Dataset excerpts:
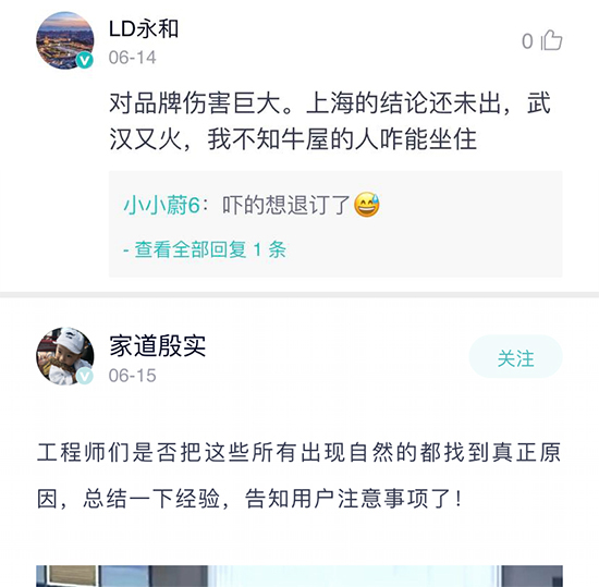另有不少车主在得知自燃事件后表示,此类事件“对品牌伤害巨大。上海的结论还未出,武汉又火,我不知道牛屋(NIO House)的人咋能坐住。”也有车主呼吁,“工程师们是否(应该)把这些所有出现自燃的都找到真正原因,总结一下经验,告知用户注意事项了!”
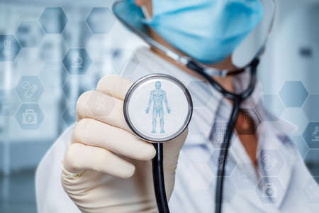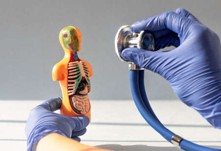 Doctor hand closeup listening with stethoscope 3d human model with inner organs inside. Concept of medical diagnostics and care.
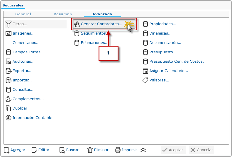a. Despues de generar los Contadores de la Sucursal es necesario configurarlos, para esto procedemos a hacer clic nuevamente en la pestaña Avanzado
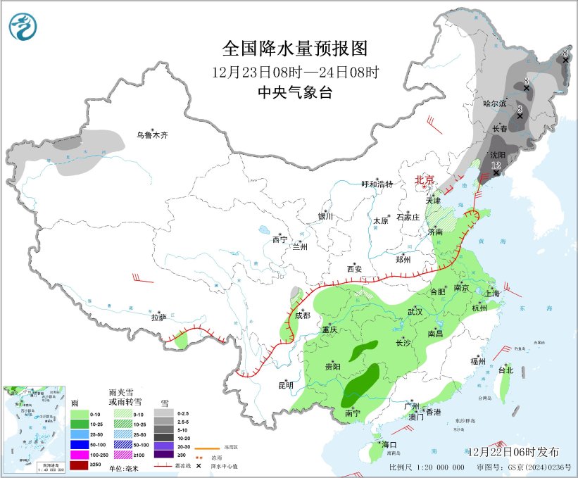 12月23日08時至24日08時,東北地區(qū)、新疆南疆西部山區(qū)、華北東部、山東北部等地部分地區(qū)有小到中雪或雨夾雪,其中,黑龍江中東部、吉林中部、遼寧東部局地大到暴雪(10~12毫米)。黃淮東部、江淮、江漢大部、江南北部和西部、西南地區(qū)東部、廣西、廣東東南部沿海、海南島東部、臺灣島東部等地部分地區(qū)有小雨,其中,湖南西部、貴州東北部、廣西中部等地部分地區(qū)有中雨。內蒙古中東部、遼東半島、西藏中北部等地部分地區(qū)有4~6級風;渤海、渤海海峽、黃海大部海域、東海西部海域、臺灣海峽、巴士海峽、南海北部海域將有6~7級大風、陣風8~9級。
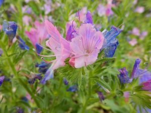 青、ピンク、白のお花があるエキウム。青やピンクは微妙なグラデーションが透明感を感じさせます。そして白いお花は水に濡れると本当に透明になるお花も?!雨の日限定でお楽しみいただけます(前回の「見ごろの花情報」参照)。
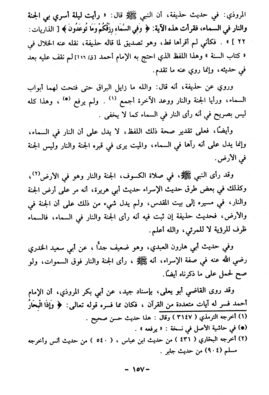 المروذي: في حديث حذيفة، أن النبيّ صلّى الله عليه وسلم قَالَ: "رأيت ليلة أسري بي الجنة والنار في السماء، فقرأت هذه الآية: {وَفِي السَّمَاءِ رِزْقُكُمْ وَمَا تُوعَدُونَ} [الذاريات: 22]. فكأني لم أقرأها قط، وهو تصديق لما قاله حذيفة، نقله عنه الخلال في "كتاب السنة" وهذا اللفظ الَّذِي احتج به الإمام أحمد لم نقف عليه بعد في حديثه، وإنَّما رُوي عنه ما تقدّم.
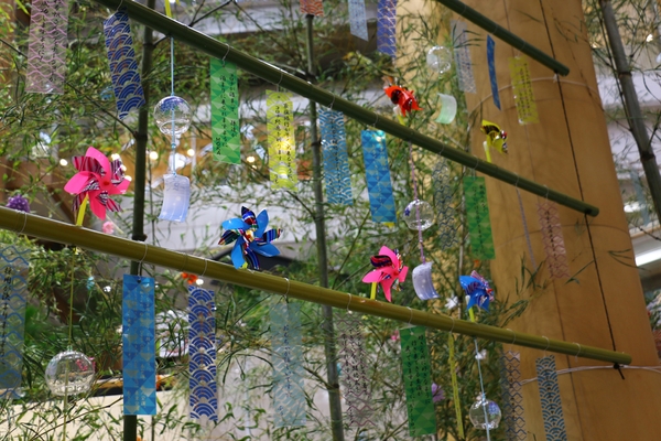竹細工の飾り棚に、透明なデザイン短冊を設置し、さらに風で回る風車や、風鈴の音でいつもとは違う動きのある装飾に!
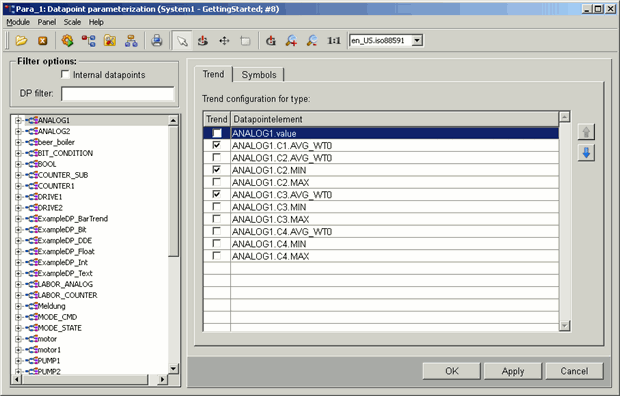 In order to display all internal and non-internal datapoints, click on the Internal datapoints check box. Type for instance the search pattern "_A*" in the "DP filter" field and confirm with enter.
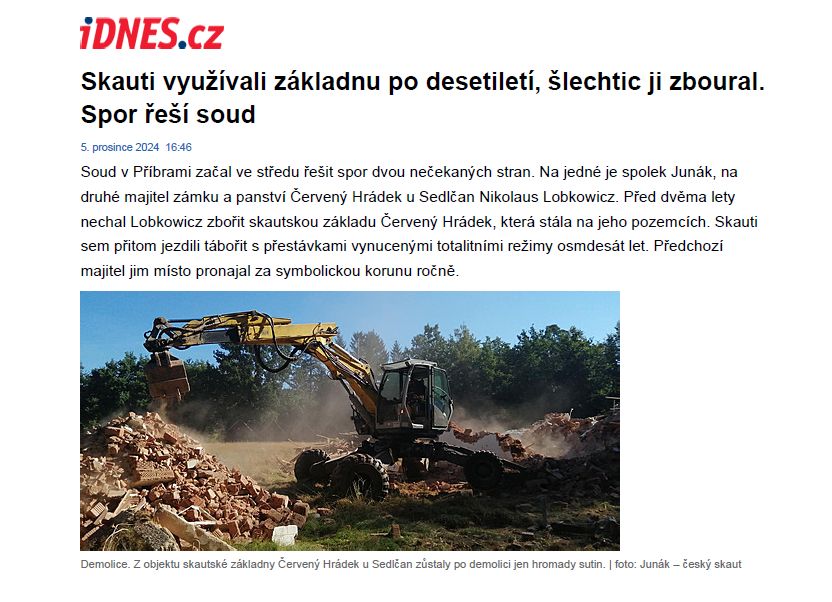 Soud v Příbrami začal ve středu řešit spor dvou nečekaných stran. Na jedné je spolek Junák, na druhé majitel zámku a panství Červený Hrádek u Sedlčan Nikolaus Lobkowicz. Před dvěma lety nechal Lobkowicz zbořit skautskou základu Červený Hrádek, která stála na jeho pozemcích. Skauti sem přitom jezdili tábořit s přestávkami vynucenými totalitními režimy osmdesát let. Předchozí majitel jim místo pronajal za symbolickou korunu ročně.
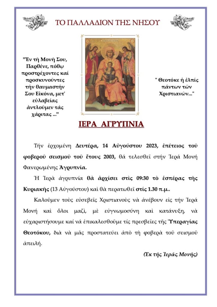 Τήν ἐρχομένη Δευτέρα, 14 Αὐγούστου 2023, ἐπέτειος τοῦ φοβεροῦ σεισμοῦ τοῦ ἔτους 2003, θά τελεσθεῖ στήν Ἱερά Μονή Φανερωμένης Ἀγρυπνία.
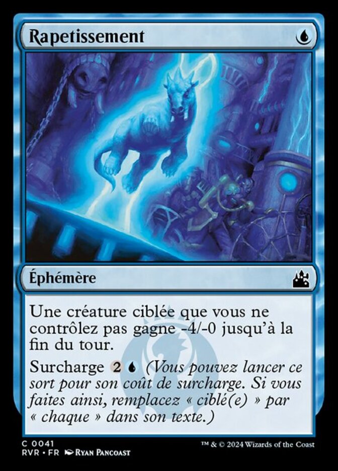 | Rules | Target creature you don't control gets -4/-0 until end of turn. Overload (You may cast this spell for its overload cost. If you do, change its text by replacing all instances of "target" with "each.") |
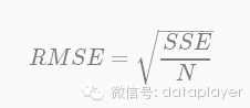 上图中的SSE指sum of squared error,也即预测值与实际值之差的平方和,可由此判断该模型的误差。但使用SSE表征模型的误差有些弊端,比如它依赖于点的个数,且不好定其单位。所以我们有另外一个值去称量模型的误差。RMSE(Root-Mean-Square Error)。
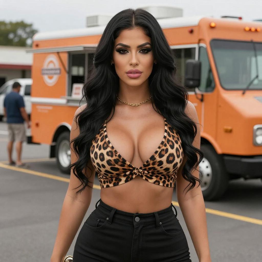 Photograph of a confident woman with long, wavy black hair and tan skin, wearing a low-cut, leopard-print crop top that reveals ample cleavage, and high-waisted black pants. She's standing in a parking lot with an orange food truck and blurred people in the background. She has a serious expression, and her makeup is bold with dark eyeliner and pink lips. She's wearing a gold necklace.
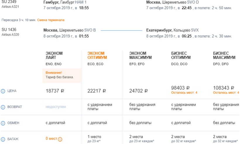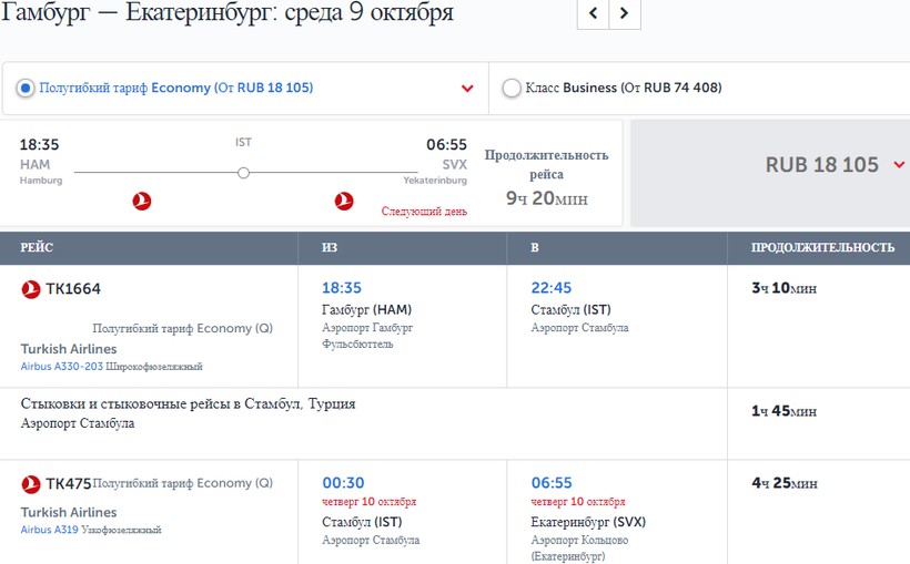 Прямые авиарейсы из немецкого Гамбурга в российский Екатеринбург не выполняются, поэтому преодолевать маршрут придется транзитом. Стыковочные перелеты отличаются местом и продолжительностью пересадки, стоимостью и перевозчиками, их осуществляющими. Самые удобные транзитные путешествия предлагают компании «Аэрофлот» и Turkish Airlines. Подробнее о каждой расскажу дальше.

Your instructions: Output only the lines above from the one containing "青、ピンク、白のお花があるエ" to the one containing "上图中的SSE指sum of squared", both included, exactly as written and with no pictures.

Response for this exercise:
 青、ピンク、白のお花があるエキウム。青やピンクは微妙なグラデーションが透明感を感じさせます。そして白いお花は水に濡れると本当に透明になるお花も?!雨の日限定でお楽しみいただけます(前回の「見ごろの花情報」参照)。
 المروذي: في حديث حذيفة، أن النبيّ صلّى الله عليه وسلم قَالَ: "رأيت ليلة أسري بي الجنة والنار في السماء، فقرأت هذه الآية: {وَفِي السَّمَاءِ رِزْقُكُمْ وَمَا تُوعَدُونَ} [الذاريات: 22]. فكأني لم أقرأها قط، وهو تصديق لما قاله حذيفة، نقله عنه الخلال في "كتاب السنة" وهذا اللفظ الَّذِي احتج به الإمام أحمد لم نقف عليه بعد في حديثه، وإنَّما رُوي عنه ما تقدّم.
竹細工の飾り棚に、透明なデザイン短冊を設置し、さらに風で回る風車や、風鈴の音でいつもとは違う動きのある装飾に!
 In order to display all internal and non-internal datapoints, click on the Internal datapoints check box. Type for instance the search pattern "_A*" in the "DP filter" field and confirm with enter.
 Soud v Příbrami začal ve středu řešit spor dvou nečekaných stran. Na jedné je spolek Junák, na druhé majitel zámku a panství Červený Hrádek u Sedlčan Nikolaus Lobkowicz. Před dvěma lety nechal Lobkowicz zbořit skautskou základu Červený Hrádek, která stála na jeho pozemcích. Skauti sem přitom jezdili tábořit s přestávkami vynucenými totalitními režimy osmdesát let. Předchozí majitel jim místo pronajal za symbolickou korunu ročně.
 Τήν ἐρχομένη Δευτέρα, 14 Αὐγούστου 2023, ἐπέτειος τοῦ φοβεροῦ σεισμοῦ τοῦ ἔτους 2003, θά τελεσθεῖ στήν Ἱερά Μονή Φανερωμένης Ἀγρυπνία.
 | Rules | Target creature you don't control gets -4/-0 until end of turn. Overload (You may cast this spell for its overload cost. If you do, change its text by replacing all instances of "target" with "each.") |
 上图中的SSE指sum of squared error,也即预测值与实际值之差的平方和,可由此判断该模型的误差。但使用SSE表征模型的误差有些弊端,比如它依赖于点的个数,且不好定其单位。所以我们有另外一个值去称量模型的误差。RMSE(Root-Mean-Square Error)。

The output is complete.